→ **PROBLEM DESCRIPTION**
The result should be the listing below, restated exactly, with its pictures left out.

→ **MATERIAL PROVIDED**
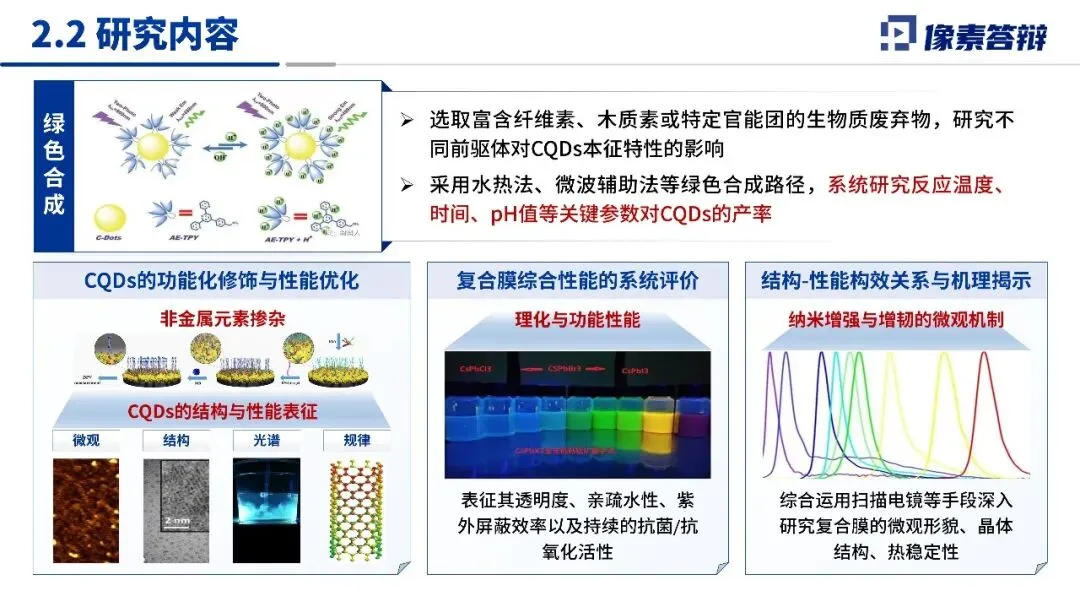 整体而言,该项目选题贴合国家战略与行业需求,研究体系完整,基础条件扎实,成果规划合理,但需重点攻克规模化制备与CQDs长期安全性验证两大核心问题,推动研究成果从实验室走向产业化应用。
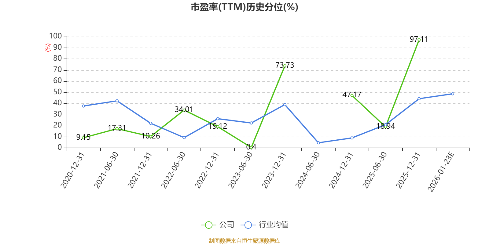 市盈率、市净率为负时,不显示当期分位数,会导致折线图中断。
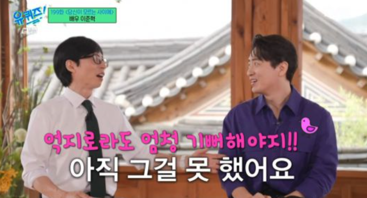 이준혁은 갑작스럽게 눈물을 흘렸고, "이러면 안 되는데"라며 당황했다. 유재석은 "우리가 만나서 이야기를 하지만 이 짧은 시간에 어떻게 다 하겠냐. '이런 행복감을 내가 표현하는 것이 맞는 것인가. 내 스스로 이럴 때 잘 가다듬어서 앞으로 해야 할 일에 대한 여러 가지 생각이 들어서 눈물이 나지 않았나' 하는 생각이 든다"라며 다독였다.
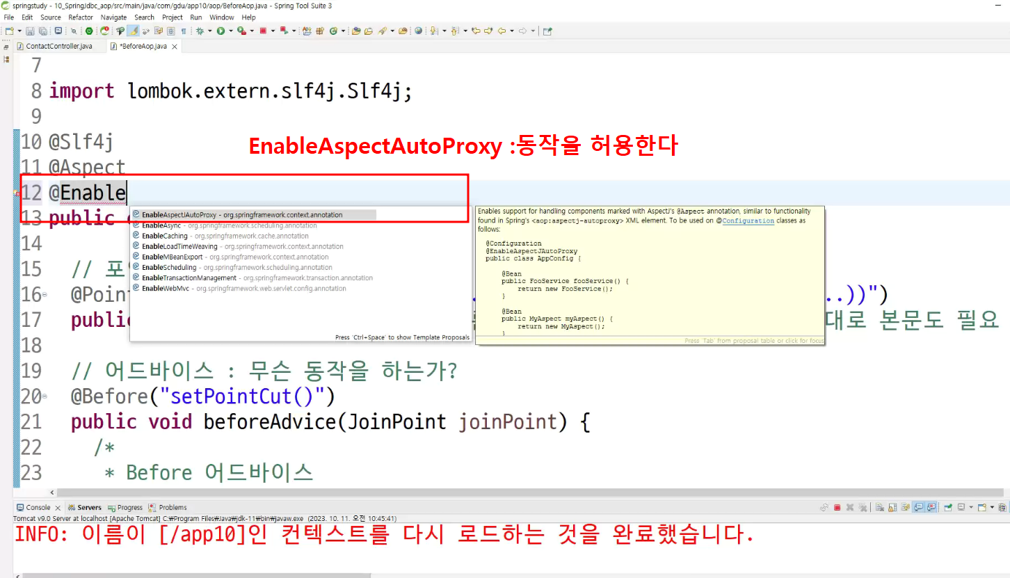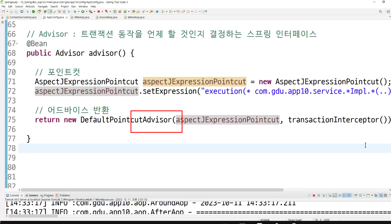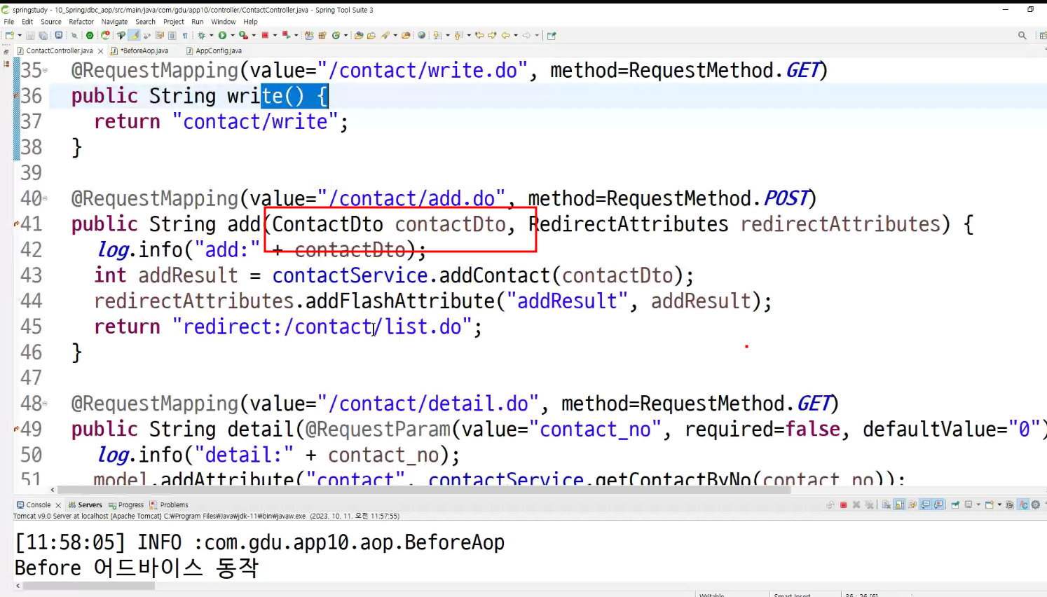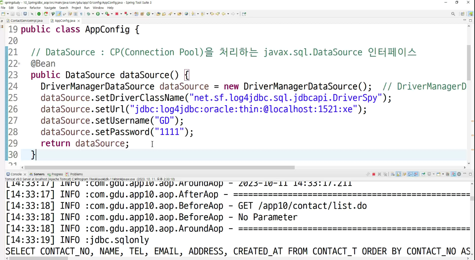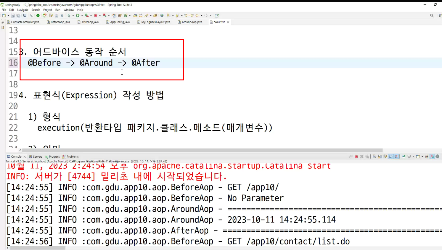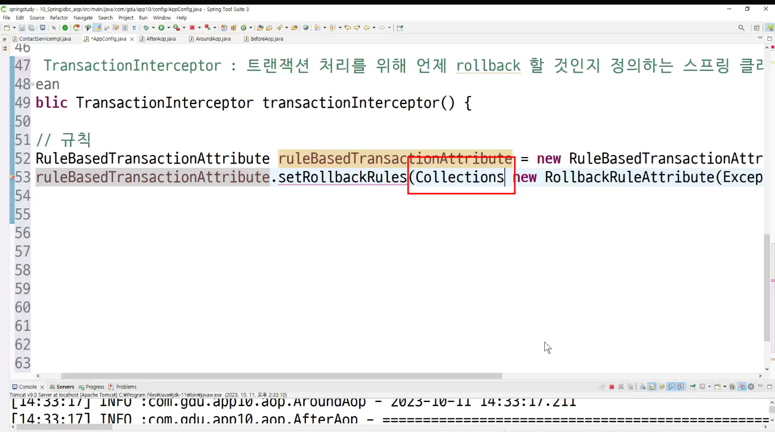 ->왜 configuration에 두는가? aop도 bean으로 만들어두고 처리하는것이라서

→ **RESPONSE BELOW**
 整体而言,该项目选题贴合国家战略与行业需求,研究体系完整,基础条件扎实,成果规划合理,但需重点攻克规模化制备与CQDs长期安全性验证两大核心问题,推动研究成果从实验室走向产业化应用。
 市盈率、市净率为负时,不显示当期分位数,会导致折线图中断。
 이준혁은 갑작스럽게 눈물을 흘렸고, "이러면 안 되는데"라며 당황했다. 유재석은 "우리가 만나서 이야기를 하지만 이 짧은 시간에 어떻게 다 하겠냐. '이런 행복감을 내가 표현하는 것이 맞는 것인가. 내 스스로 이럴 때 잘 가다듬어서 앞으로 해야 할 일에 대한 여러 가지 생각이 들어서 눈물이 나지 않았나' 하는 생각이 든다"라며 다독였다.
 ->왜 configuration에 두는가? aop도 bean으로 만들어두고 처리하는것이라서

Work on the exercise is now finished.